Section+2.5+Two+Quantitative+Variables+Scatterplot+and+Correlation+%28Student+Version%29
SECTION 2.5: Two Quantitative Variables - Scatterplot and Correlation
Key Concepts
Two Quantitative Variables: These involve two numerical datasets that can be analyzed for relationships.
Visualization: Achieved through a scatterplot, representing data points for two variables.
Summary Statistic: The correlation coefficient quantifies the strength and direction of the relationship between the variables.
Associations Between Variables
Positive Association:
One variable's increase corresponds with an increase in the other variable.
Negative Association:
One variable's increase corresponds with a decrease in the other variable.
No Association:
Variables do not provide predictive information about each other.
Examples of Expected Associations
Key Examples:
Fertilizer and Crop Yield: Expect a positive association.

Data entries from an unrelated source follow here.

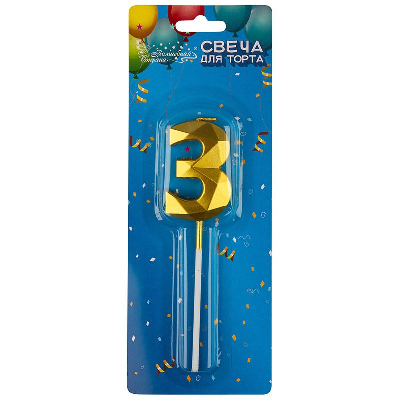 Свеча для торта, золото, цифра 3 (упаковка 12 шт.)
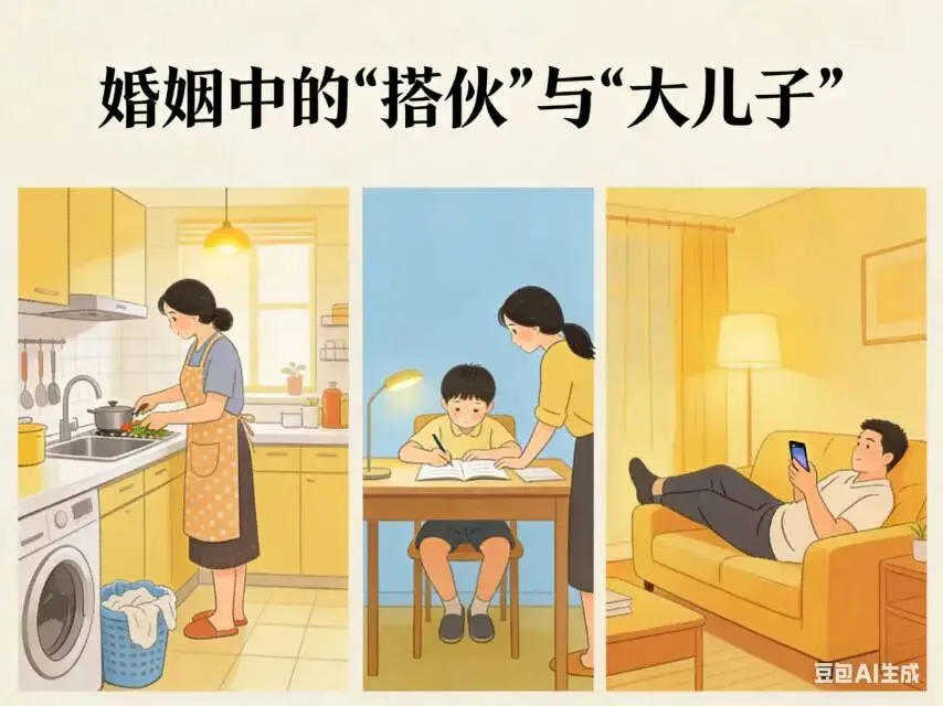 多少婚姻里,妻子下班回家继续上班——做饭、洗衣、辅导作业,而丈夫往沙发上一躺刷手机,美其名曰“休息”。所谓的“搭伙过日子”,最后往往变成女人给自己找了个“大儿子”。
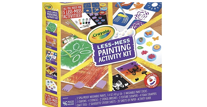 Amazon has this Crayola Less Mess Painting Activity Kit (46pcs) for only $12 Shipped! This has really great Reviews. This 46 count Crayola Art Set for Kids includes 5 Washable Paint Sticks, 3 Spill Proof Paints, 1 Black and 1 White Crayon, 2 Stencil Brushes, 4 Foam Stampers, 3 Foam Texture Scrapers, 4 Stencils, 2 Silhouette Sticker Sheets, Scraper Tool, 20 Sheets of Paper & Instruction Idea Guide.
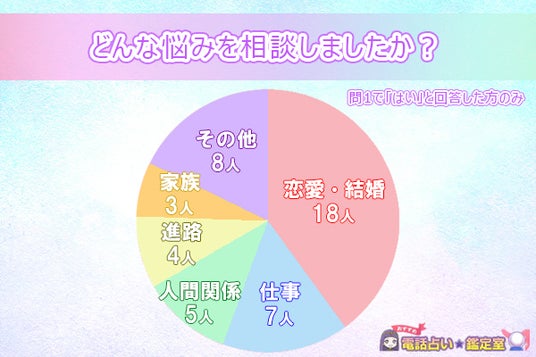 最も多かったのは「恋愛・結婚について」で18人、次いで「仕事について」が7人、「人間関係について」が5人、そして「進路について」が4人、「家族について」が3人、「その他」が8人でした。

Cigarettes and Lung Capacity: Expect a negative association.
Tire Tread and Miles Driven: Expect a negative association.
Scatterplots
Definition: A graph illustrating the relationship between two quantitative variables, plotting paired data as points.
Axes:
Explanatory variable on the horizontal axis (X-axis).

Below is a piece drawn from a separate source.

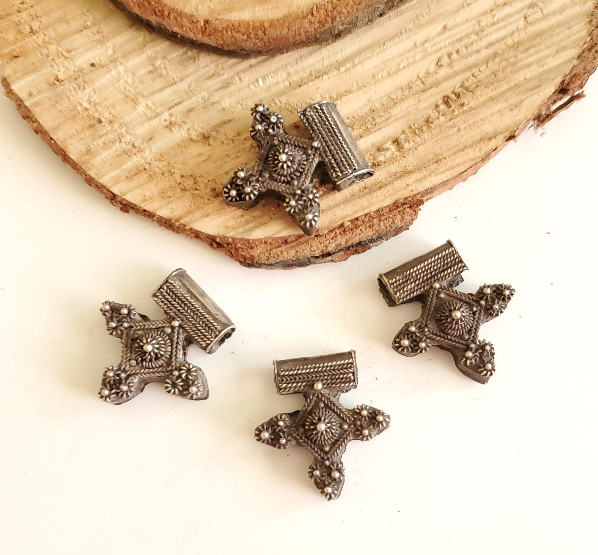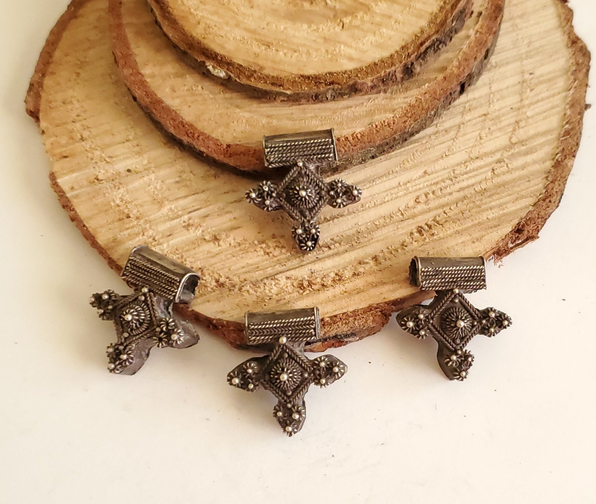 Moroccan very Old traditional silver cross from the Berbers of south Morocco. This kind of Moroccan crosses Very rare in not easy to come by. Good condition with some dents (see pictures). Collectible and useful as jewelry supplies.Measures: 1"by 1'' in weight is 7grams $ 29 EA Feel free to email me for more pictures. other shop https://www.etsy.com/shop/Africanbazar2US?ref=seller-platform-mcnav.......africanbazaarus.com

Response variable on the vertical axis (Y-axis).
Example Creating a Scatterplot (Example 2)
Data Table:
X: 5, 1, 7, 3, 8
Y: 0, 1, 4, 2, 7
Procedure:
Use StatKey to produce a scatterplot by inputting paired data.
Correlation Measurement
Correlation: Measures the strength and direction of linear relationships between two quantitative variables.
Notation:
Sample correlation is denoted by r.
Population correlation is denoted by ρ (rho).
Range of Correlation:
The value of r falls between -1 and 1.
Significance:
Positive Correlation: r > 0
Negative Correlation: r < 0
No Linear Association: r ≈ 0
A value closer to ±1 denotes a stronger association.
Examples of Calculating Correlation
Example 3:
Given variables from Example 2, calculate correlation using StatKey.
Example 4:
Visualize scatter plot for Cars99 and determine correlation proximity to given options.
Example 5:
Analyze scatter plot with Fuel Capacity data; determine correlation proximity.
Understanding Correlation in Context (Example 6)
Context: Investigate relationship between rebounds and free throw percentage in NBA.
Direction of Association: Assess whether this relationship is positive or negative.
Correlation Value Estimate: Guess possible correlation value based on visual representation.
Impossible Values for Correlation: Identify values such as greater than 1 or less than -1 as invalid for correlation.
Impact of Outliers on Correlation
Effect of Outliers: Outliers can significantly distort the calculated correlation.
Visualization: Always plot data, and analyze the scatterplot pre- and post-outlier removal.